Поэтому, когда однажды вечером соседи увидели, как из ее комнаты выходил широкоплечий мужчина, дом был так поражен, что даже не обратил внимания на дефилировавшую Галку. Мужчина был в синей рубашке, в серых парусиновых брюках, лицо у него темное, загорелое, как хлебная корка. Он был без одной руки. Новость, словно цепная реакция, облетела двор, но Лидку никто спросить не решался. Правда, разговоры пошли:
— Может, замуж выскочит…
— Да где уж ей!
— А чем черт не шутит!
— Поживем — увидим…
— Он хоть без руки, а здоров.
Поздно вечером, когда люди рассосались по квартирам, Лидка вытащила стул на балкон, включила лампочку и, облокотившись о перила, зашелестела книгой. Ее во дворе книжницей звали. С легкой Галкиной руки.
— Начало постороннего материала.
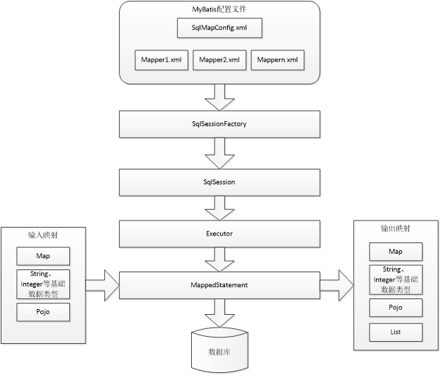 下面好好看一下 Mybatis 的系统架构图,核心配置文件是 sqlMapConfig.xml,通过 Mappers 映射器来连接主配置和各个实体类操作所用到的 SQL 语句。有了配置和 SQL 语句 ,使用 SqlSession 来执行 SQL,在执行的时候会涉及到入参和出参。

Книги, после мальчишек, были второй любовью Лидки. Лидка читала запоем, все, что попадалось, а больше всего, о море. Там всегда было то, о чем она мечтала. Море стояло перед глазами. Море шуршало прибрежной галькой. Мокрый песок блестел, как рыбья чешуя. Было так волнующе-легко на душе, что хотелось плакать.
Лидка взглянула в небо — сквозь клочки разорванных облаков подмигивали редкие звезды. Облака двигались. Они были похожи на паруса. Паруса плывут в неизвестность.
Кто-то заскрипел ступеньками, вспугнув Лидкины мысли.
Лидка безучастно посмотрела на опустевший двор.
Это старик Петрович поднимался по упругой лестнице. Он произнес негромко:
— Ты на них, Лидуха, внимания не обращай…
Он очертил рукой большой круг над головой, давая тем самым понять, кого подразумевает под словом «них»,и добавил:
— Это же не грех — погулять.
Лидка посветлела, как будто на лицо ей упал свет луны.
— Ребенка бы мне… — глубоко вздохнула она.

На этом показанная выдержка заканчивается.